■ Task to complete:
In the records that follow, the lines from the one containing "Graff Aqua-Sense Deszczownica" to the one containing "峰壩交錯,溝壑縱橫,大山擋不", inclusive, are to be given again exactly.

■ Source information:
##############################
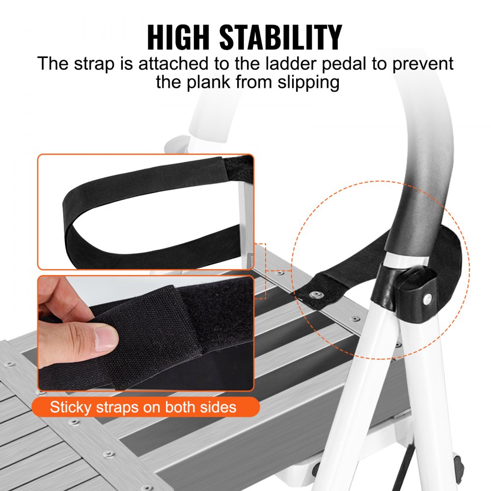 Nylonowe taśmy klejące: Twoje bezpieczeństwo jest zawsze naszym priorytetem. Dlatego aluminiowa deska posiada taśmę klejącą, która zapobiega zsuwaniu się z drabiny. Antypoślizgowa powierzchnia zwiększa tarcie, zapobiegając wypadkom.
##############################
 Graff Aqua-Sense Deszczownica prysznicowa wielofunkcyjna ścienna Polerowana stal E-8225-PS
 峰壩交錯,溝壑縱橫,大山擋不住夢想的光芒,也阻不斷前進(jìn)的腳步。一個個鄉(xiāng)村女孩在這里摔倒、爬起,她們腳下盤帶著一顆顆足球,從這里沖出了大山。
##############################
■ Result of the task:
 Graff Aqua-Sense Deszczownica prysznicowa wielofunkcyjna ścienna Polerowana stal E-8225-PS
 峰壩交錯,溝壑縱橫,大山擋不住夢想的光芒,也阻不斷前進(jìn)的腳步。一個個鄉(xiāng)村女孩在這里摔倒、爬起,她們腳下盤帶著一顆顆足球,從這里沖出了大山。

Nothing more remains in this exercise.